◆ Problem ◆
Only the lines from the opening of the material through the line bearing "Lightweight parka with" should be reproduced, exactly and without pictures.

◆ Data ◆
Segment Open

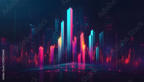 A vibrant digital landscape showcasing colorful skyscrapers and dynamic light patterns, representing the pulse of modern technology and innovation in a futuristic cityscape.
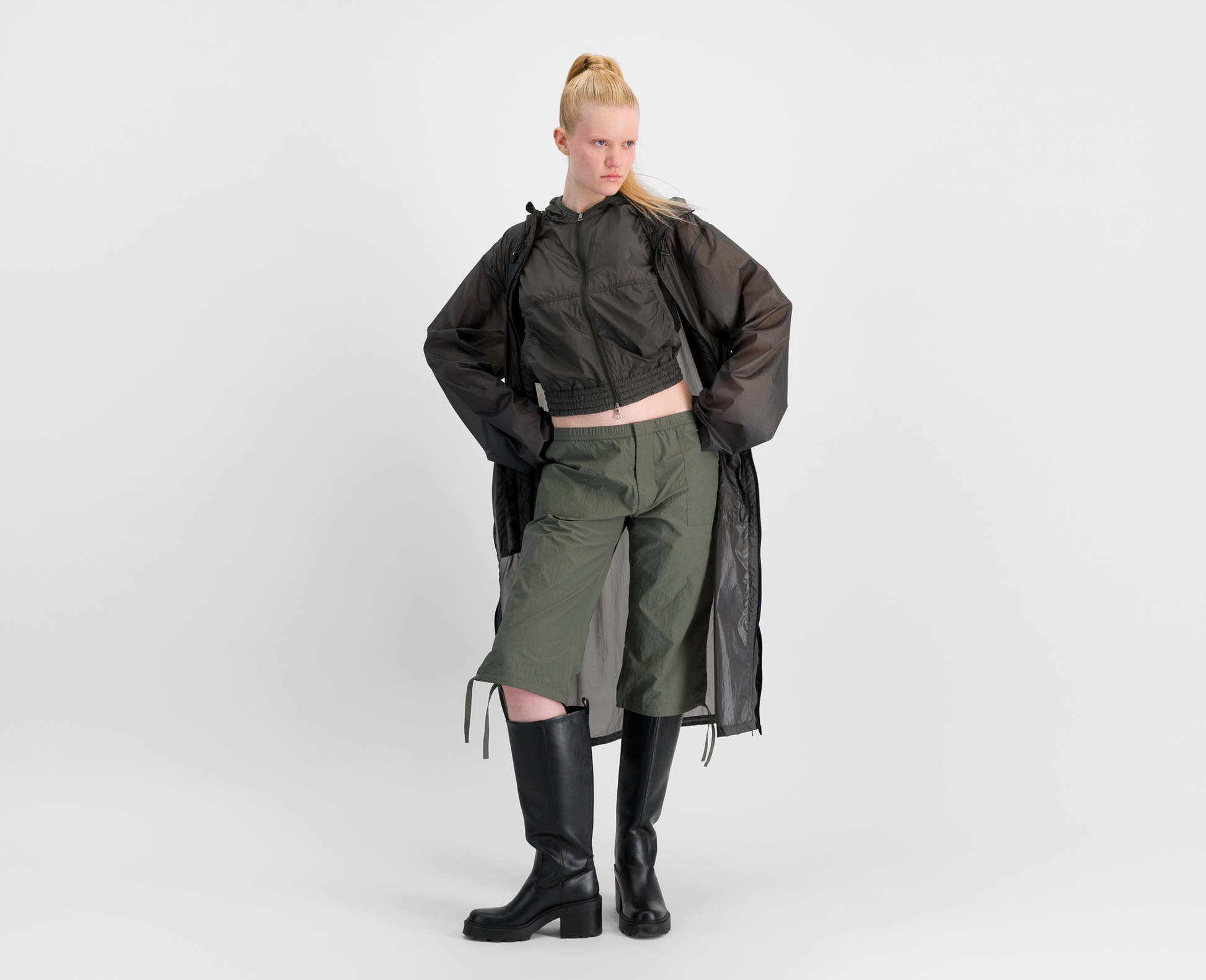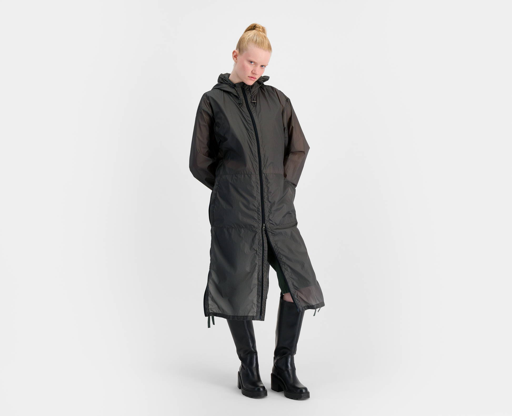 Lightweight parka with a loose fit and two-way zipper. Made in Switzerland.
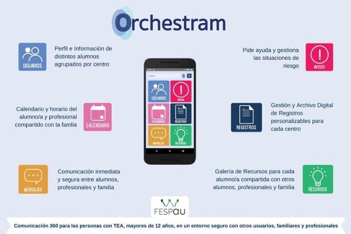 El autismo se caracteriza por las dificultades en la comunicación y la interacción social. ORCHESTRAM ofrece la posibilidad de comunicarse en un entorno seguro a niños y niñas con autismo, permitiéndoles mejorar sus relaciones sociales y sus habilidades comunicativas. A su vez ORCHESTRAM también facilita la comunicación entre familias y profesionales permitiendo el seguimiento de la evolución de los niños y las niñas con TEA. GRACIAS por ayudarles a mejorar su calidad de vida.
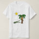 Macaco engraçado dos desenhos animados em uma palmeira com o crocodilo engraçado abaixo e o sol atrás do design do t-shirt. Excelente para a praia.

Segment Closed

◆ Response box ◆
 A vibrant digital landscape showcasing colorful skyscrapers and dynamic light patterns, representing the pulse of modern technology and innovation in a futuristic cityscape.
 Lightweight parka with a loose fit and two-way zipper. Made in Switzerland.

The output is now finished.